Copy from the first line below down to and including the line with "- Infine, il". Skip the pictures.

● **Entries taken from a collection**:
+--
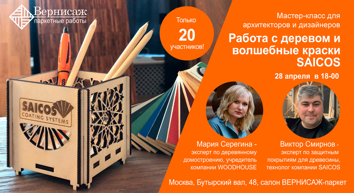 Компания «Вернисаж» приглашает архитекторов и дизайнеров на мастер-класс «Работа с деревом и волшебные краски Saicos».
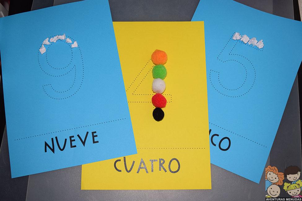 De la misma forma, podéis dibujar en los folios los números del 0 al 9, y de la misma manera, ofrecerles pompones o cualquier otro elementos que puedan manipular fácilmente, y que rellenen el número o sigan el contorno del mismo. Si están en fase de reconocer los números, podéis ir diciéndoles de qué número se trata.
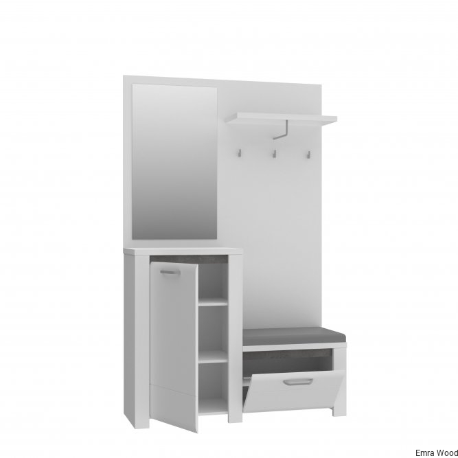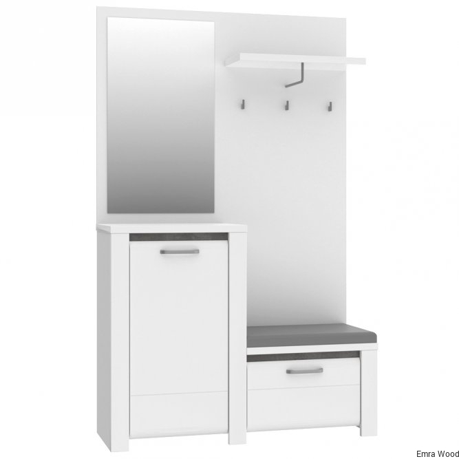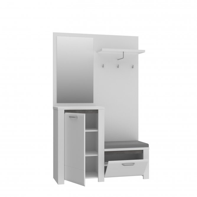 Zestaw meblowy do przedpokoju będzie idealnym miejscem do przechowywania ubrań, butów i innych niezbędnych akcesoriów. Zintegrowany mebel wyposażony jest w panel ubraniowy, wygodne tapicerowane siedzisko, szafkę na buty oraz duże, przejrzyste lustro. Subtelny dekor Biały Połysk zestawiony z kontrastującymi z nim elementami w dekorze Beton Ciemnoszary doda pomieszczeniu uroku i elegancji.
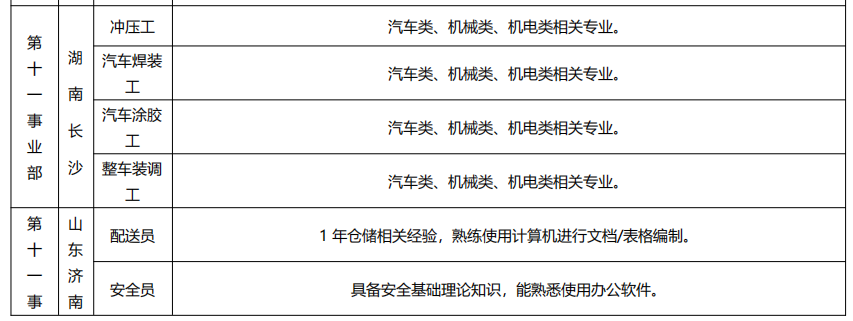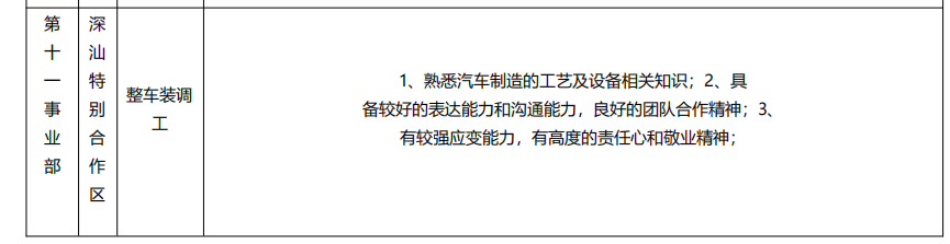 比亚迪技能人才招聘岗位
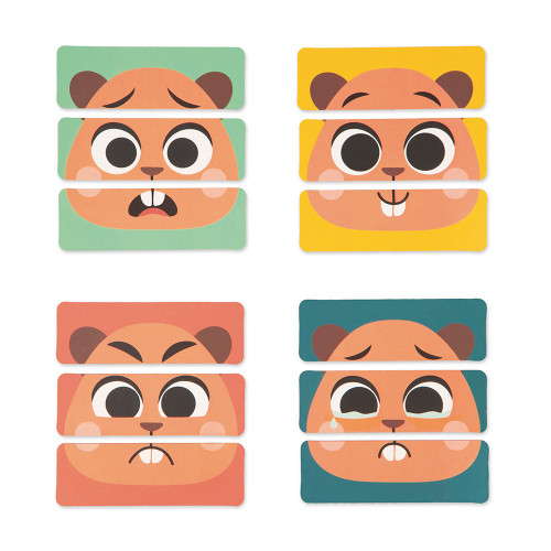 - Infine, il bambino potrà rilassarsi con un puzzle in legno sul tema delle emozioni: in compagnia del suo amico castoro, amplierà il vocabolario e imparerà a identificare meglio le emozioni. Sono rappresentate 4 emozioni (gioia, tristezza, paura e rabbia), ognuna contraddistinta da uno sfondo colorato per facilitare l'assemblaggio.
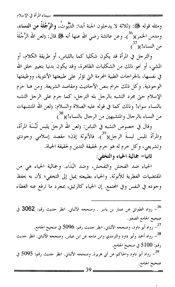 وقال في خصوص التشبه في اللباس: (لعن الله الرجلَ يلبس لَبْسَةَ المرأة، والمرأةَ تلبس لبسةَ الرجل) (¬4). فالأنوثة إذن؛ مقصد إسلامي وجودي وتشريعي، وكل خرم له هو خرم لحقيقة التدين ولحقيقة الحياة.
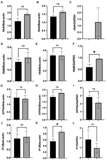 Relative mitochondrial protein expression in normoxic (black) and hypoxic (grey) (A,D,G,J) rat liver,(B,E,H,K) mouse liver, and (C,F,I,L) mouse quadriceps muscle. (A–C) haemoglobin α; (D–F) haemoglobin β; (G–I) ATP5A; (J–L) IF1. Liver mitochondria protein expression normalised to β-actin and quadriceps muscle mitochondria protein expression normalised to GAPDH (see Supplementary Figure S4). Data presented as mean with SEM, * p < 0.05, N = 3, Student’s unpaired t-test.
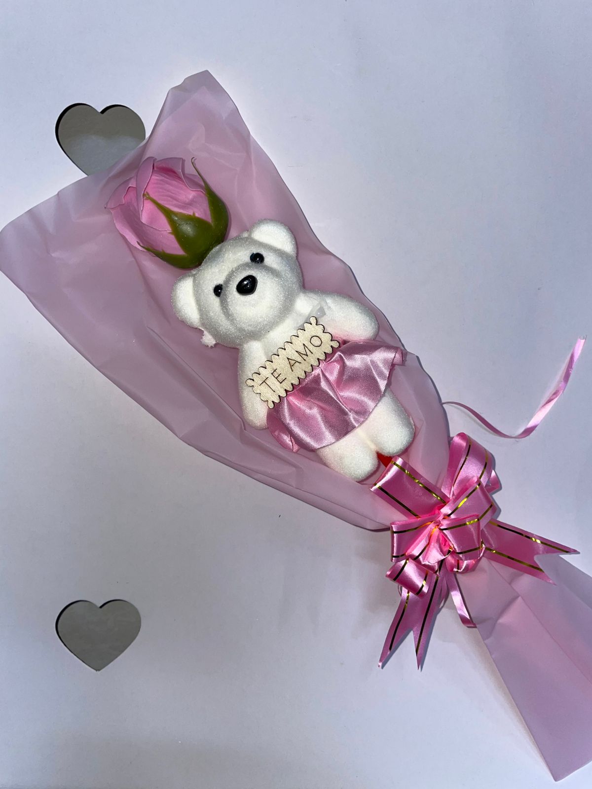 Este lindo ramo pequeño es perfecto para transmitir amor y ternura gracias a su color romántico. Viene acompañado con una bolsita transparente para una presentación elegante. Ideal para regalar en ocasiones especiales.
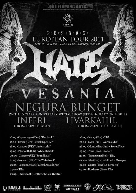 Listenable rec. confirme la tournée de Hate qui démarre à la rentrée prochaine.
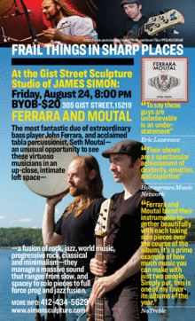 The John Ferrara & Seth Moutal Duo will bring their visionary blend of progressive rock, jazz, minimalism and world music to Pittsburgh.They will feature their new alblum "Frail Thing in Sharp Places, a vibrant world of hypnotic percussion and soaring melody.The duo is Acclaimed Virtuosic bass player John Ferrara, bassist for globetrotting psych-fusion stalwarts Consider the Source considered one of the top in the world these days,and the super talented percussionist Seth Moutal. See these guys in a wonderful intimate space at James Simons Sculpture studio loft in the Uptown neighborhood of Pittsburgh-
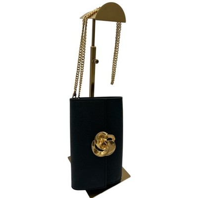 Capture attention with this chic black wallet-on-chain crossbody bag. The exquisite gold-tone flower embellishment adds a touch of glamour, making it the perfect statement piece. The elegant chain strap allows for versatile wear, transitioning effortlessly from a shoulder bag to a crossbody. The sleek silhouette ensures it holds all your essentials without compromising on style, and the flap closure keeps your items secure. Ideal for evenings out, special occasions, or adding a sophisticated touch to your everyday ensemble.
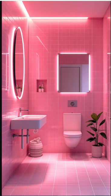 LED strip lights placed along the walls or above mirrors provide effective, modern illumination that showcases the pink tiles while lending a contemporary edge. Backlit mirrors, in particular, cast an inviting glow that reflects light and makes the space feel larger and more open.
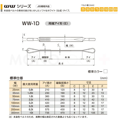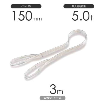 仕様 ベルトタイプ:WWシリーズ(未染色)ナイロンスリング 形状:両端アイ形(E型) アイ寸法:425mm ロープ:幅150mm×長さ:3m 最大使用荷重:5.0t 規格:JIS規格3等級 日本製 使用温度:100℃以下 ※商品の使用荷重・寸法詳細などは画像を参考にして下さい。
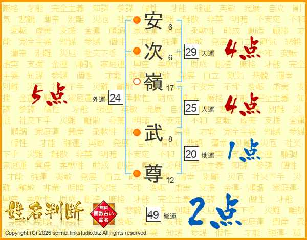 安(6画)次(6画)嶺(17画) 武(8画)尊(12画)
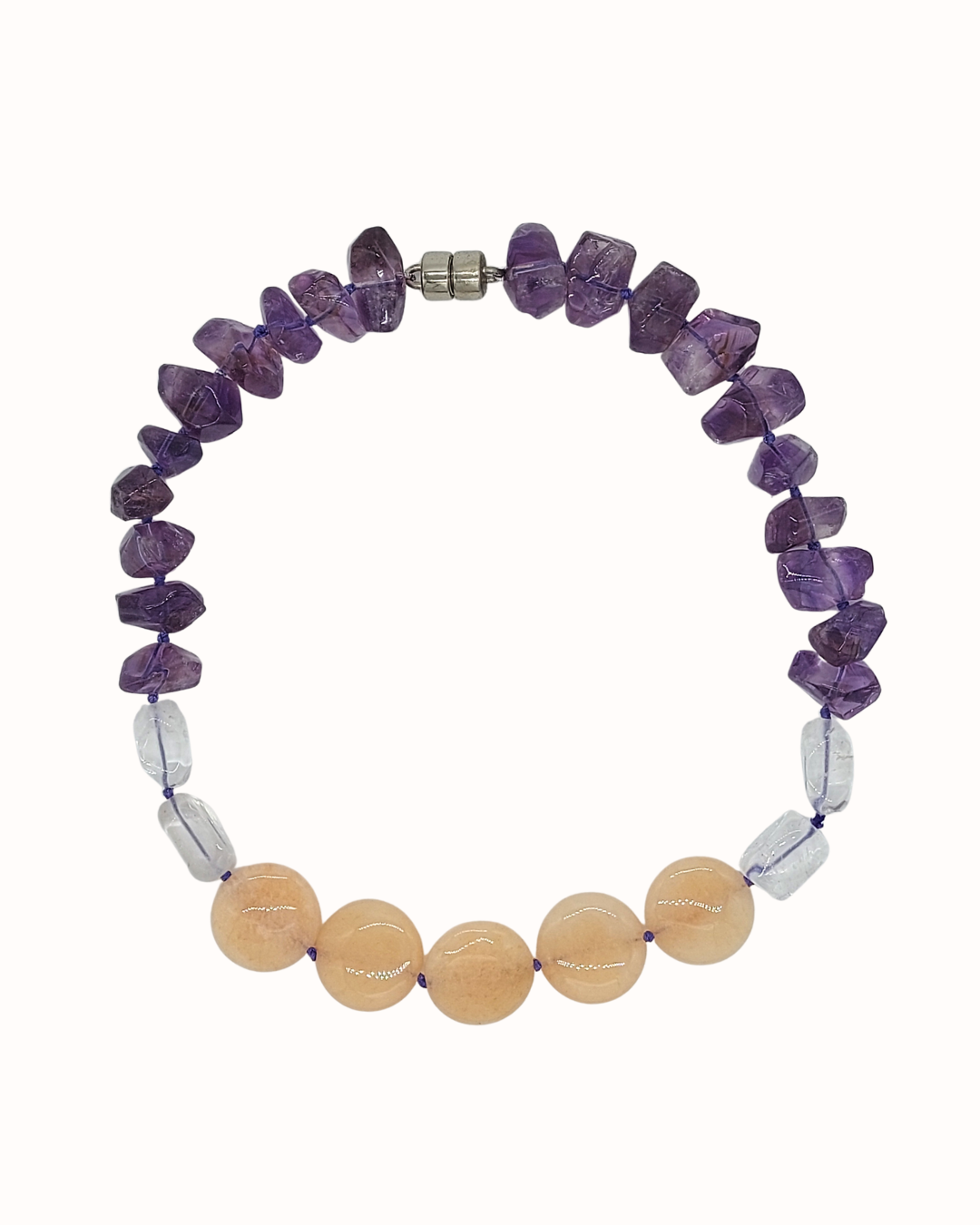 Colar Curto de Ametista, Jade e Cristal com Fecho de Ímã
+--
● **SOLUTION**:
 Компания «Вернисаж» приглашает архитекторов и дизайнеров на мастер-класс «Работа с деревом и волшебные краски Saicos».
 De la misma forma, podéis dibujar en los folios los números del 0 al 9, y de la misma manera, ofrecerles pompones o cualquier otro elementos que puedan manipular fácilmente, y que rellenen el número o sigan el contorno del mismo. Si están en fase de reconocer los números, podéis ir diciéndoles de qué número se trata.
 Zestaw meblowy do przedpokoju będzie idealnym miejscem do przechowywania ubrań, butów i innych niezbędnych akcesoriów. Zintegrowany mebel wyposażony jest w panel ubraniowy, wygodne tapicerowane siedzisko, szafkę na buty oraz duże, przejrzyste lustro. Subtelny dekor Biały Połysk zestawiony z kontrastującymi z nim elementami w dekorze Beton Ciemnoszary doda pomieszczeniu uroku i elegancji.
 比亚迪技能人才招聘岗位
 - Infine, il bambino potrà rilassarsi con un puzzle in legno sul tema delle emozioni: in compagnia del suo amico castoro, amplierà il vocabolario e imparerà a identificare meglio le emozioni. Sono rappresentate 4 emozioni (gioia, tristezza, paura e rabbia), ognuna contraddistinta da uno sfondo colorato per facilitare l'assemblaggio.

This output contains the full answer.